The core control system of intracellular iron homeostasis: a mathematical model

Abstract

Iron is a metal essential for cellular metabolism. However, excess iron available for reactions contributes to the formation of dangerous reactive oxygen species, such as the hydroxyl radical, via the Fenton reaction. Therefore, intracellular iron levels are tightly constrained by a control system of proteins. This paper contains a mathematical model, in the form of a system of five ordinary differential equations, of the core of this control system, including the labile iron pool as well as proteins that regulate uptake, storage, and export and are connected through negative feedback loops. The model is validated using data from an overexpression experiment with cultured human breast epithelial cells. The parameters in the mathematical model are not known for this particular cell culture system, so the analysis of the model was done for a generic choice of parameters. Through a mixture of analytical arguments and extensive simulations it is shown that for any choice of parameters the model reaches a unique stable steady state, thereby ruling out oscillatory behavior.
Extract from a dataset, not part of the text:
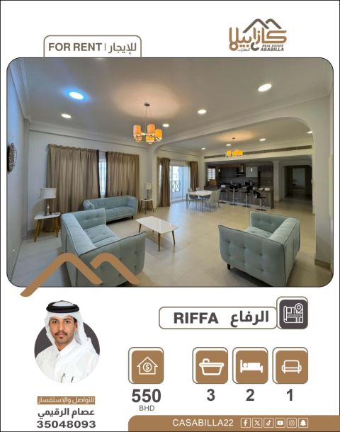 A semi-furnished apartment for rent in Riffa Al-Bahir with super deluxe finishing in a new building, first occupant. It has 3 bedrooms, a laundry room, 3 bathrooms, a kitchen, a living room, an elevator, and a parking space on the first floor. The rent is 450 dinars without electricity or 500 dinars including electricity.

It is shown furthermore that the model parameters are identifiable through suitable experiments.

Figure 1

Regulatory feedback loops in iron metabolism. Species depicted are ferroportin ([Fpn] = x₃); hepcidin (Hep); transferrin receptor 1 ([TfR] = x₂); ferritin ([Ft] = x₄); active iron regulatory proteins 1 and 2 ([Active IRP’s] = x₅). Solid lines indicate positive or negative regulation; dotted lines indicate reactions that consume or produce the indicated species.

Figure 2

Effect of Fpn overexpression in MCF10A cells. Quantification revealed that Fpn overexpression increased IRP2 from 1 to approximately 1.6 and decreased Ferritin H from 1 to 0.1 (see Methods section).